Marlene and Stewart Greenebaum Cancer Center, University of Maryland, Baltimore, Maryland 21201, USA.
Clin Ther. 2009;31 Pt 2:2273-89. doi: 10.1016/j.clinthera.2009.11.011.
Treatment of metastatic breast cancer (MBC) with > or =2 chemotherapeutic agents concurrently has been shown to increase response rates, often at the cost of a substantial increase in toxicity, and with minimal impact on the overall survival. However, some combinations of the newer cytotoxic agents, as well as combinations of chemotherapeutic agents and targeted biologic anticancer agents, can produce synergistic efficacy with a manageable toxicity profile.
The aims of this work were to provide an overview of the currently approved combination regimens available for the treatment of MBC and to consider the clinical data supporting other drug combinations that may supplement the current therapeutic choices in the near future.
Literature searches were performed using MEDLINE/PubMed, with a focus on combination therapies for the treatment of MBC that are approved by the US Food and Drug Administration (FDA) or in Phase III clinical trials. The National Institutes of Health's Clinical Trial Registry was searched for relevant ongoing clinical trials in specific areas. Bibliographies were also searched for additional relevant material. Preference was given to recently published, larger, well-designed clinical trials that influence current prescribing practices. Phase I and II studies, and/or studies older than 10 years (ie, published earlier than 1999), were afforded less emphasis or were disregarded.
Combinations of taxanes with capecitabine or gemcitabine, and ixabepilone plus capecitabine, are approved by the FDA as combination regimens for the treatment of MBC. The use of targeted therapies such as trastuzumab, bevacizumab, or lapatinib in combination with taxanes (for the former two) or capecitabine (for lapatinib) is also approved. Several investigational drug combinations are also currently undergoing evaluation in clinical trials, including combinations of bevacizumab and gemcitabine with capecitabine or alternative taxanes. Although results from Phase I and II studies are largely encouraging so far, the data from ongoing Phase III studies will ultimately dictate changes in clinical practice. It seems unlikely that any single agent or combination regimen will emerge as superior in all patients with MBC, given the heterogeneous nature of the disease and patient population.

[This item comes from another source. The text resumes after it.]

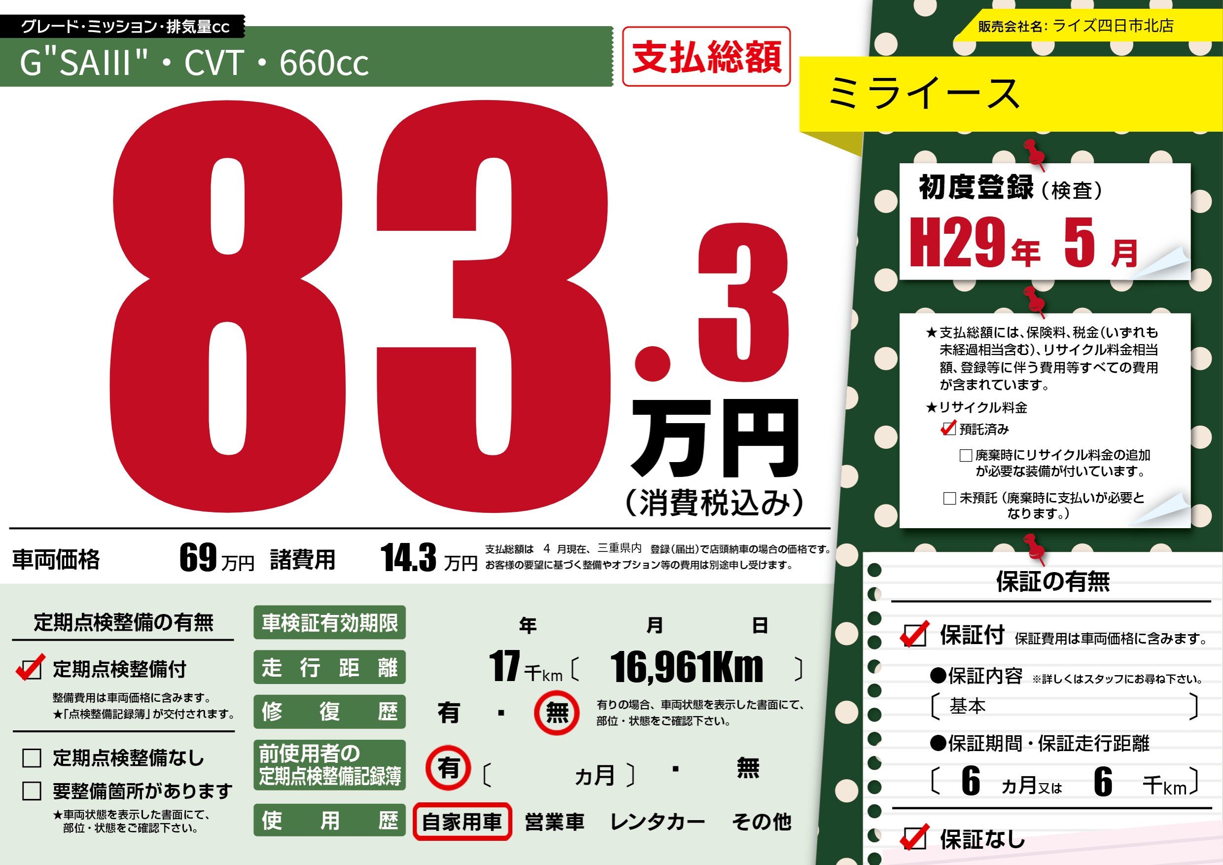 | 車名 | ミライース | グレード ミッション 排気量 |

New combination regimens for MBC may broaden the range of treatment options currently available to delay disease progression for as long as possible.

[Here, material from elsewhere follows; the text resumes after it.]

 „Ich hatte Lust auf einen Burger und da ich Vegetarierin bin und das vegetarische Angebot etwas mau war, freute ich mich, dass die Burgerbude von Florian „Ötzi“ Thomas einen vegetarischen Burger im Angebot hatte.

同时使用 > 或 =2 种化疗药物治疗转移性乳腺癌 (MBC) 已被证明可以提高缓解率,尽管这通常会导致毒性显著增加,但对总生存期的影响极小。然而,一些新型细胞毒性药物的组合,以及化疗药物和靶向生物抗癌药物的组合,可以产生协同疗效,同时具有可管理的毒性特征。
本工作旨在提供目前批准的用于治疗 MBC 的联合治疗方案概述,并考虑支持其他药物组合的临床数据,这些药物组合可能在不久的将来补充当前的治疗选择。
使用 MEDLINE/PubMed 进行文献检索,重点关注已被美国食品和药物管理局 (FDA) 批准或正在进行 III 期临床试验的用于治疗 MBC 的联合治疗。在特定领域,还在国家卫生研究院的临床试验注册处搜索相关的正在进行的临床试验。也对参考文献进行了搜索,以寻找其他相关资料。优先考虑最近发表的、更大规模的、设计良好的临床试验,这些试验影响当前的处方实践。对 I 期和 II 期研究,以及/或 10 年以上的研究(即发表于 1999 年之前),给予的重视较少或被忽略。
FDA 批准了紫杉醇与卡培他滨或吉西他滨,以及伊沙匹隆与卡培他滨联合作为治疗 MBC 的联合治疗方案。曲妥珠单抗、贝伐单抗或拉帕替尼等靶向治疗药物与紫杉醇(前两者)或卡培他滨(拉帕替尼)联合使用也已获得批准。目前,一些研究性药物组合也正在临床试验中进行评估,包括贝伐单抗和吉西他滨联合卡培他滨或替代紫杉醇的组合。尽管到目前为止,I 期和 II 期研究的结果大多令人鼓舞,但正在进行的 III 期研究的数据最终将决定临床实践的改变。考虑到疾病和患者群体的异质性,似乎不太可能有一种单一的药物或联合治疗方案在所有 MBC 患者中都表现出优越性。
MBC 的新联合治疗方案可能会扩大当前可用的治疗选择范围,尽可能长时间地延缓疾病进展。